In early February 2012, a beef producer contacted the Lismore District Veterinarian of the North Coast Livestock Health and Pest Authority (LHPA) about a severely pale calf.
The producer was concerned that the calf had contracted a congenital disease from a bull purchased 18 months earlier. This bull had been diagnosed with pneumonia 14 months earlier. The pneumonia was refractory to treatment with antibiotic therapy. The bull had sired 4 calves that were also pale in the gums whilst being kept as a breeder on the property and had since died.
The property runs about 120 head of cattle, which are all drenched regularly (every 3 months) with a pour on drench containing moxidectin. Even young calves still suckling on their mothers are drenched, some only several weeks of age.
The paddocks were excessively wet when visited due to heavy rainfall in the weeks prior to the case.
The most severely affected calf had severe pallor of its gums, jaundice, pyrexia (40.6), dyspnoea, normal lung sounds, normal heart and respiratory rates, lethargy, and was in poor body condition.
No urine or faeces were obtained from the calf. The calf died approximately one week after this examination and the District Veterinarian was only advised 72 hours later, at which point a necropsy was not possible.
At the time that the calf died, 12 other calves presented with similar problems. They had a history of variable amounts of scours and poor growth. The calves’ ages ranged from 6 weeks to 4 months. Faeces were collected from 8 of the calves and blood from 3.
Blood (EDTA, Lithium Heparin), blood smears and hair were submitted for haematology, serology/ELISA, blood parasite examination and pestivirus virology respectively.
Haematology showed anisocytosis, microcytosis, macrocytosis, basophilic stippling, Howell-Jolly Bodies and white blood cell (WBC) autolysis. The haematocrit was 10%, which confirmed the suspicion of severe anaemia. The blood smear was negative for any blood parasites, which was interesting as the veterinary pathologist suggested the red blood cell changes may be consistent with Theileriosis.
Serological testing for Leptospira spp. performed was negative. Antigen testing for pestivirus was also negative.
A liver Fluke ELISA was later undertaken and had an S/P Ratio value of 107, which was considered positive.
The results for the later group of calves were then obtained and the faecal worm counts were positive for heavy strongyle burdens in each of the calves.
Disease on this farm was diagnosed as helminthiasis and immature liver fluke infestation. Disease from liver fluke is not commonly reported in calves less than 4 months of age but is conceivable under the right conditions. There is a possibility that Theileria parasites also contributed to the clinical signs of the most severely affected calf that ultimately died.
The pathogeneses of both Fascioliasis and gastrointestinal worm burden on this farm are an interesting example of the Host-Pathogen-Environment (HPE) triad.

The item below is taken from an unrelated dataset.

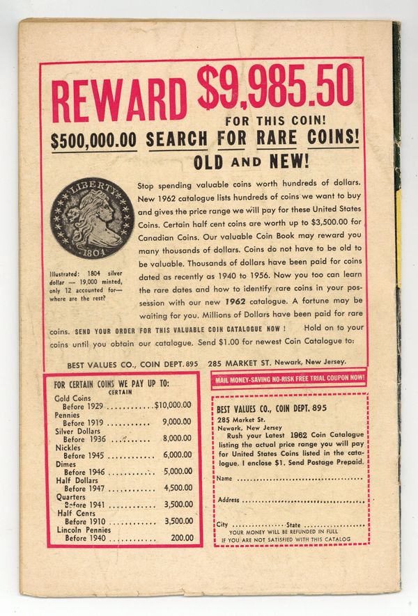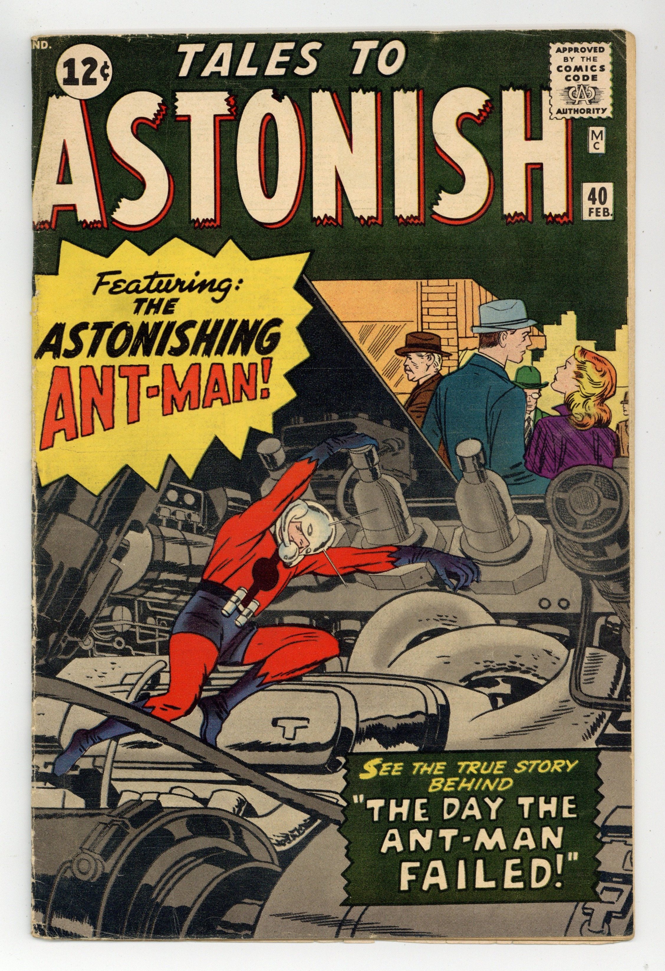 Cover by Jack Kirby. The Day Ant-Man Failed!, script by Stan Lee and Larry Lieber, art by Jack Kirby and Sol Brodsky; Ant-Man investigates a series of hijackings; He pretends to be sick to lure the hijacker into the open. I Was Trapped in the Mad Universe!, script by Stan Lee and Larry Lieber, art by Don Heck; A boy finds a device from the future that transports him to an alternate dimension with nearly identical versions of him and his family. Bird Talk text story. The Worst Man on Earth!, script by Stan Lee, art by Steve Ditko; A criminal in the year 2000 is sentenced to be exiled from humanity for his various crimes as the death penalty has been abolished. 36 pgs., full color. $0.12. Cover price $0.12.

HPE is a pathological concept that acknowledges the relationship between the host, environment and pathogen in disease progression (Figure 1).
Essentially, the stronglye larvae and Fasciola metacercariae are heavily influenced by the environment, which in turn, increases their pathogenicity.
The specific factors that may have contributed to this case are as follows:
Environment:
Pathogen:
Host:
These factors all combined to form a serious problem for this producer. The producer should be advised to change the drenching regime based on worm egg count reduction testing, feed supplements that are high in energy and ideally move the cattle to higher ungrazed pastures immediately after drenching with an anthelmintic effective against both strongyle worms and fasciola.